Rebecca Long-Bailey struggles under grilling on Labour's tax and spending plans

Labour’s Rebecca Long-Bailey struggled under questioning on her party’s plan to claw back taxes from the rich and corporations.

Presented with a graphic of Labour’s spending plans on the BBC’s Andrew Marr show, the Shadow Business Secretary insisted the costs would be paid for by reversing tax cuts.

She said research showed £70 billion would be saved by 2020 by reversing cuts to Corporation Tax, Inheritance Tax, the Bank Levy and Capital Gains Tax.

And she insisted it was based on independent research carried out by the House of Commons.

But the research was, in fact, carried out by the Labour Party , based on projections from the Office of Budget Responsibility.

And it is based on projections their projections up to 2022, not 2020.

A Labour spokesperson was unavailable for comment.

(Photo: PA)

Host Andrew Marr said the figure would be closer to £30 billion.

Asked for a breakdown of the figure, she was unable to provide one.

Both Jeremy Corbyn and John McDonnell have used the figure before – most recently in the Labour leader’s response to the Budget.

But they said the £70 billion saving would be over five years, not three.

Long-Bailey said the list of spending commitments presented to her – which amounted to £63.5 billion – were “broadly accurate.”

But she added: “These are based on forecasts, so the position would change should we enter Government in 2020.”

Labour’s ‘Fiscal Credibility Rule’ would prevent the party from borrowing more for any of the spending listed.

(Photo: Elliott Franks)

Asked where the money would come from, she said: “We wouldn’t have made the decision this Government has, which is slashing taxes for the most wealthy in society – inheritance tax, capital gains tax, bank levy, corporation tax.”

Asked how much would be raised by cancelling the corporation tax cut she said: “Well, as a total package – we asked the House of Commons to do some research in terms of the money we would gain back if we reversed those tax breaks. And it’s £70 billion in total by 2020.”

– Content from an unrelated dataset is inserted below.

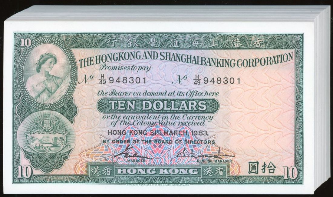 HongKong and Shanghai Banking Corporation, consecutive bundle of $10 (100), 31.3.1983, serial numbers H/49 948301-400, (Pick 182j), problem free, completely original as issued (100)

Marr replied: “I don’t think it is” – asking to go through the plans one-by-one for clarity.

Long-Bailey replied: “We’ve done the research, Andrew, and we can provide details of that. The House of Commons have carried out independent research on this very point, based on OBR forecasts.”

Marr pressed her on the detail: “If you’ve done the research, you can tell me how much you would get from reversing the Corporation tax changes.”

But Long-Bailey repeated the figure of £70 billion for the package “as a whole”.

(Photo: PA)

Marr said the answer to his question was around £17.7 billion, before asking how much Labour believed it would claw back from raising the inheritance tax threshold.

Again, Long-Bailey did not give an answer, repeating the figure of £70 billion overall by 2020.

Marr described Long-Bailey’s response as a “meaningless overall figure.”

But she insisted the “cumulative figure of those tax cuts by 2020 is £70 billion.”

Marr said: “It’s not, it’s really not.”

Long-Bailey said: “This is independent research carried out by the House of Commons Library, based on OBR figures.”

But the host said: “Corporation tax, based on the Budget Red Book, gets you £17 billion. Raising Inheritance Tax gets you just £2.8 billion. Capital gains tax cuts cost £3 billion, again, according to the budget and receipts from the bank levy are forecast to be only £4 billion lower by 2020, according to OBR estimates.”

Tory MP Amanda Milling, a member of the BEIS select committee, said: “Labour have shown once again that their sums just don’t add up – their proposals would raise less than half the money they think it would.

“The truth is that if your sums don’t add up, then you can’t be trusted to run the economy.

“As a result of the steps taken over the last seven years, we have a strong economy and we can’t put that at risk with Labour’s reckless proposals.”